Sr Performance Engineering lead at TCA Consulting Group, Inc.
Hartford, CT 06112
About the Job
Our client is seeking an experienced and highly motivated Performance & Observability Engineer who will be responsible for assessing, strategizing and building solutions for complex application and infrastructure observability needs to ensure production stability and visibility. Position will be responsible for driving performance and stability improvements of critical business applications, the architecture, and integrations to ensure optimal end user experience by working closely with Application development, Infrastructure, Database and middleware teams.
Responsibilities:
Configure, maintain our applications and infrastructure s observability capabilities in partnership with SRE, AIOps and Assess code, conf, or infra changes readiness for production
Monitor and develop SLOs and SLIs through customer user journey; Advise on SLA; Establish error budgets
Strategize, analyze and tune applications for Performance and availability via DevSecOps principles and technologies as needed to continuously (DevOps) validate Load, Stability, Scalability, and Reliability standards of the application are achieved.

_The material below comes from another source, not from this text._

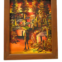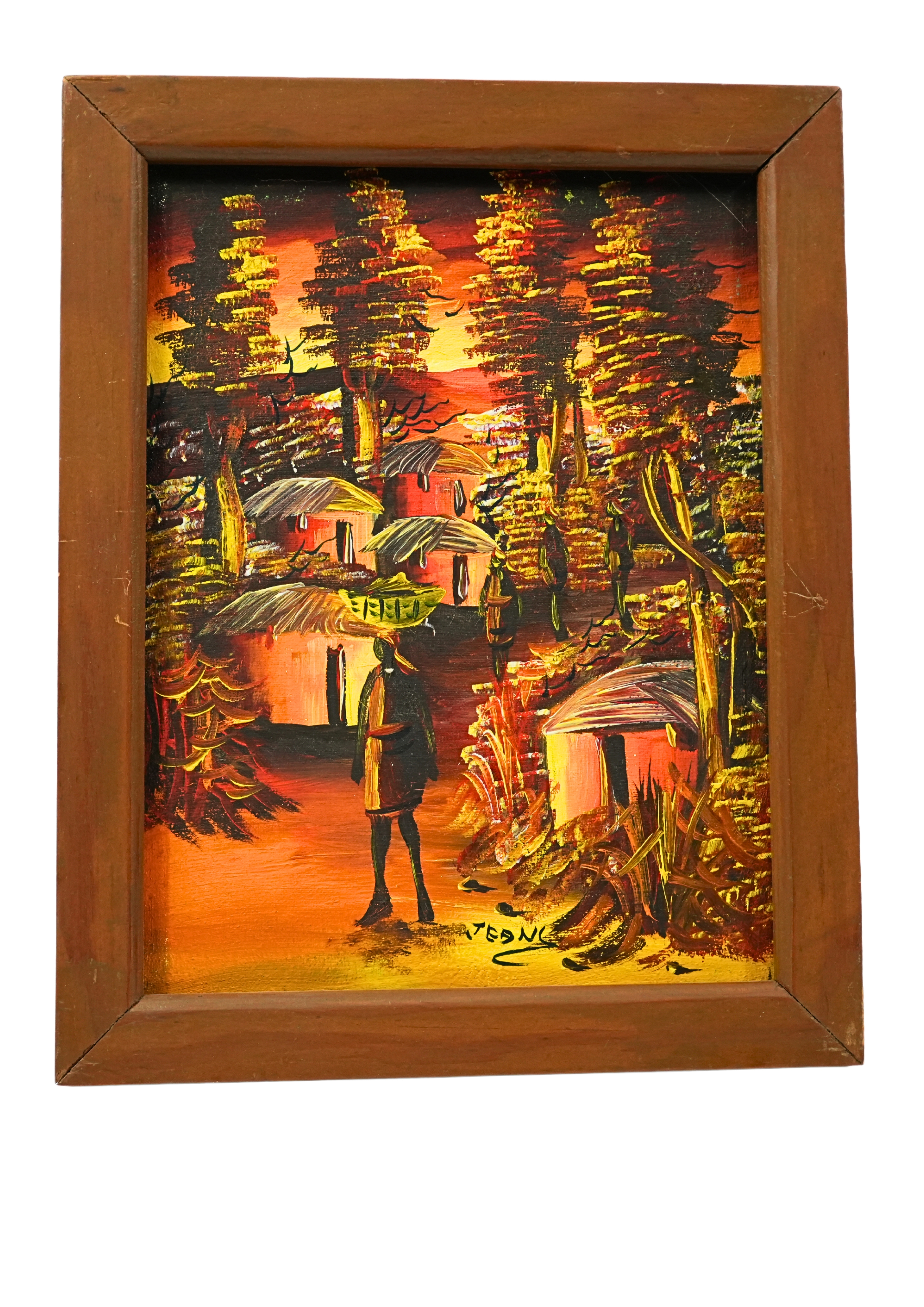This untitled painting from the FAMU Black Archives/Caribbean Art Collection has limited identification for proper attribution. While it appears to be the same artist from the collection, this piece depicts a village scene with bright orange lighting basking from a setting, or rising, sun – a contrast from the blue paintings seen earlier.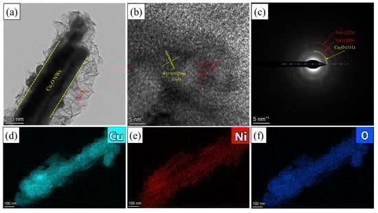 Further visualization of the morphology and structural attributes of NiO@Cu2O-CF was achieved through TEM analysis and element mapping. The fragmented NiO@Cu2O, which was scraped from the surface of the CF substrate, was characterized by TEM as shown in Figure 2a. Clearly, the nanowire (diameter ≈ 350 nm) is surrounded by an ultrathin shell featuring a folded structure. The evident interface between the nanowire and shells indicates a typical hierarchical core–shell structure. Figure 2b displays the high-resolution TEM result of the core–shell structural NiO@Cu2O. The lattice space of 0.25 nm can correspond to the (111) plane of Cu2O, and the 0.20 nm was indexed as the (200) plane of NiO. In addition, the selected area electron diffraction (SAED) result in Figure 2c revealed that the direction rings can correspond to (200), (220) planes of NiO and (111) planes of Cu2O. Moreover, Figure 2d–f demonstrate the distribution of the Cu, Ni and O elements on NiO@Cu2O.

Define, Create, and maintain monitoring dashboards. Implement application performance management, log analytics, error analytics, business analytics solutions using APM tools, but not limited to Dynatrace, Splunk, Akamai etc.
Responsible for monitoring application stability trends (cloud/on-Prem) and identifying opportunities to improve performance and/or availability
Automate system scalability and continually work to improve system resiliency, performance and efficiency; Makes recommendations for design changes for improved reliability
Working with Incident/ Problem manager and help drive blameless RCA, postmortems and RCRs by providing engineering and tool expertise
Define, configure, review, assess and use Artificial Intelligence based analytics, and fine-tune it to make a good balance between faster automatic root cause analysis and false positives
Develop next-gen, smart, automated monitoring & alerting solutions in software delivery and production environment. Implement observability and monitoring framework using tools/frameworks like Dynatrace, ServiceNow, Ansible, Splunk, Akamai, Open Telemetry and AWS monitoring capabilities CloudWatch etc
Independently contribute toward finding game changer solutions using cutting-edge technologies and Experience in enabling next-gen alerting, problem-solving, and self-healing solutions for IT assets
Qualifications and Skillset:
Position requires a Bachelor s degree (or foreign equivalent) or Advanced degree in Information Technology, Computer Science Engineering, or a related field plus eight(8+) years of experience in the job offered or in a related occupation
Experienced in Dynatrace, LoadRunner and Splunk for performance analysis, alerting and monitoring solutions implementation, while being proficient in performance testing process and automation
Expertise in cloud-native technologies, including containerization, microservices architecture, and serverless computing
Demonstrate strong analytical, problem solving, debugging, troubleshooting skills and identifying root cause of issues
Proficient in utilizing and supporting APM tools in a large enterprise environment
Proficient with application server instrumentation (Java), Real User Monitoring, Synthetic Monitoring
Experience in the fields of Agile, DevOps, Site Reliability Engineering
Strong knowledge in Event Management in ServiceNow preferred
Exceptional communication and collaboration skills, enabling effective engagement with stakeholders at all levels of the organization
Ability to coach team members and engineering teams
Certifications preferred:
Dynatrace certified associate
AWS Solution Architect - Associate
Splunk core certified Power user
Splunk core certified Advanced Power user
Secondary AWS certification (optional)